■ **What you should do**
Look below for the line containing "Quem deseja vacinar"; from there through the line containing "Lumicamo toppakki 140", both lines included, please set down each line exactly and nothing else.

■ **Data excerpts**
--- START ---
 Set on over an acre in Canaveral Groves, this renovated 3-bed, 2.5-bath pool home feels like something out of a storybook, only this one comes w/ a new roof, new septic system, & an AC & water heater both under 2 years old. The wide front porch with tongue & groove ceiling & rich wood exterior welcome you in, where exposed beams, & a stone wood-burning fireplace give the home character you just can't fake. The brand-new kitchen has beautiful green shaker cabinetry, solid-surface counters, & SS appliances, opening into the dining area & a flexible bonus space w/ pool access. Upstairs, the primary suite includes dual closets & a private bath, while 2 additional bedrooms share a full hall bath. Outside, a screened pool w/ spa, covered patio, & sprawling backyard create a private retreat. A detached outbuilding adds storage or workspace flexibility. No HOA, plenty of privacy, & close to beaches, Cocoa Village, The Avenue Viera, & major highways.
--- END ---
--- START ---
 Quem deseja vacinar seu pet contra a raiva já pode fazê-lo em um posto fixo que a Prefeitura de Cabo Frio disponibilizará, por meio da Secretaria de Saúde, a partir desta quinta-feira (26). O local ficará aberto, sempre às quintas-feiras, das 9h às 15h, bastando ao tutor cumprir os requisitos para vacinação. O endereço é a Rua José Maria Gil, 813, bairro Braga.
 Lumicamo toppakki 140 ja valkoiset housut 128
--- END ---
■ **Result of this task**
 Quem deseja vacinar seu pet contra a raiva já pode fazê-lo em um posto fixo que a Prefeitura de Cabo Frio disponibilizará, por meio da Secretaria de Saúde, a partir desta quinta-feira (26). O local ficará aberto, sempre às quintas-feiras, das 9h às 15h, bastando ao tutor cumprir os requisitos para vacinação. O endereço é a Rua José Maria Gil, 813, bairro Braga.
 Lumicamo toppakki 140 ja valkoiset housut 128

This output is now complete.